Experimental Comparison of Dynamic Behavior of Structures with a Particle Damper and a Tuned Mass Damper
Publication: Journal of Structural Engineering
Volume 144, Issue 12
Abstract
This paper investigates the dynamic behavior of structures with a particle damper (PD) and a tuned mass damper (TMD) by shaking table tests and aeroelastic wind tunnel tests. The influence of parameters including seismic waves, peak ground accelerations, damping ratios, mass ratios, and wind angles of attack are analyzed. A systematic comparison between the PD and TMD shows that the vibration-control effects of the PD are generally better than those of the TMD under both earthquake and wind loads.

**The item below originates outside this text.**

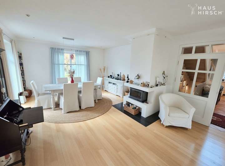 Der durch eine große, doppelflügelige Landhaustür zugängliche Wohnbereich überzeugt mit seiner behaglichen Atmosphäre. Auf fast 55 m² bietet er Platz für eine große Tafel am Kamin sowie eine komfortable Lounge-Ecke zum Entspannen und Genießen. Drei angrenzende Terrassen ermöglichen es, zu jeder Tageszeit die Sonne einzufangen und den liebevoll angelegten Garten mit Teich zu genießen. Ein Büro- bzw. Gästezimmer sowie ein Gästebad runden den Grundriss des Erdgeschosses ab.

The reason lies in the fact that the PD can dissipate the input energy not only by tuning frequency (similar to TMD) but also by the impact and friction between particles and between the particles and the wall of the container. Moreover, a theoretical analysis of a single-degree-of-freedom (SDOF) system with optimum PD and TMD was also carried out by numerical simulations, and the hidden vibration-control mechanism is discussed. The results indicate that the optimum vibration-control effects of both dampers are comparable, but the swing amplitude of the additional mass of the PD is much smaller than that of the TMD. Through a series of experiments with various parameters, the results demonstrate that the characteristics of the seismic input and the wind angle of attack have a larger influence on the damping performance of the TMD compared with the PD, indicating that the PD is less sensitive to the changing parameters.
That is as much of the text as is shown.